John Doyle Group
- Type: Private company
- Industry: Building
- Founded: 1966
- Defunct: 12 June 2012
- Fate: Bankrupt
- Headquarters: Welwyn Garden City, United Kingdom
- Area served: United Kingdom
- Key people: Stef Stefanou (Chairman and part owner)
- Services: Specialist building contractor, refurbishment specialist
- Number of employees: 260 (2012)

= John Doyle Group =

British civil engineering contractor

John Doyle Group was a British civil engineering contractor, specialising in substructure, superstructure, basements and infrastructure works. The company went bankrupt in 2012.

Prior to its bankruptcy the company had an £80 million turnover and employed 260 people.

== History ==
The company was founded in 1966, and based in Welwyn Garden City, with other offices based in Warrington and Derby.

Civil engineer Stef Stefanou joined the company early on, and over time became its owner and chairman.

In 1999, Accord, a business, environmental, highways, housing and technical services was spun out and headed up by his brother Stelio Stefanou.
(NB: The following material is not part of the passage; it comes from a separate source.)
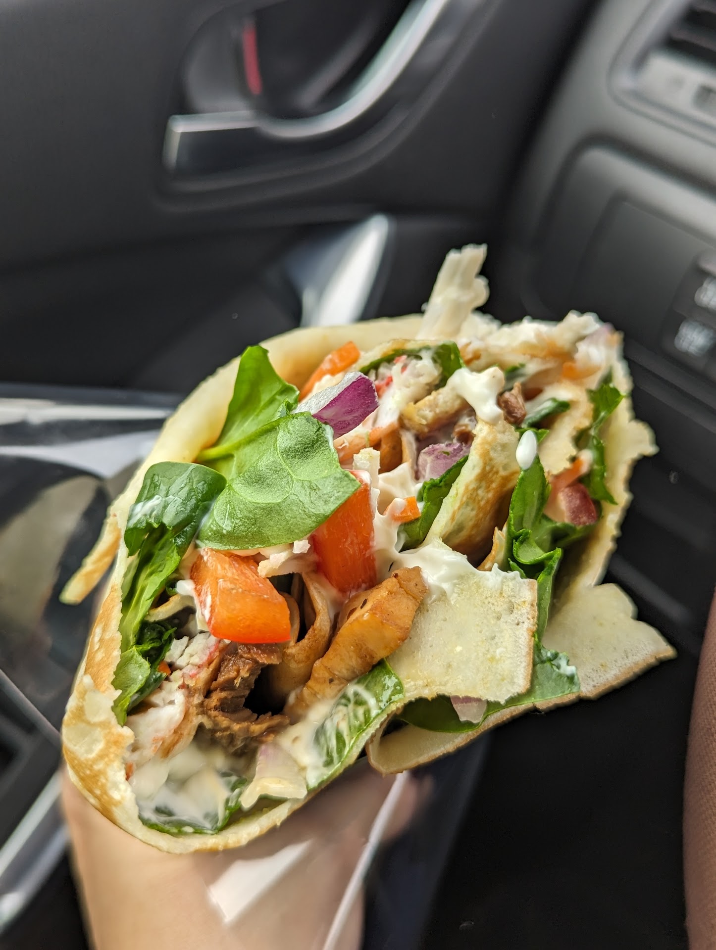 Read moreWish I had gone here sooner , this place is too good it like makes me want to sing with joy about how beautifully made their crepes and ice creme is. First off the crepes are all gluten free and like amazing . They have lunch dinner and dessert crepes. I also got vegan vanilla ice creme from them with lychee smashed into it and fresh blue Berry's, strawberries, coconut, and peanut butter on top which they made right in front of me fresh, my mouth waters just thinking about how light and fresh it was just excellent and addicting, I have to go back to this place asap. I got a chicken teriyaki crepe which i scoffed down and a crab crepe which was like a spicey crab salad inside the crepe. I think about going back there like almost every day and if I lived closer I...

On 21 September 2007, after eight years of growth, Accord was acquired by Enterprise plc for £180 million.

The John Doyle Group had several companies underneath it. Including John Doyle Construction, Blythewood Plant hire, Bell Projects, and Ibex Interiors. Ibex Interiors was a fit-out and refurbishment contractor based in London.

In 2006 A company management buy out (MBO) occurred, providing share options to staff.

On 12 June 2012, the administrators were called in and the company was declared bankrupt.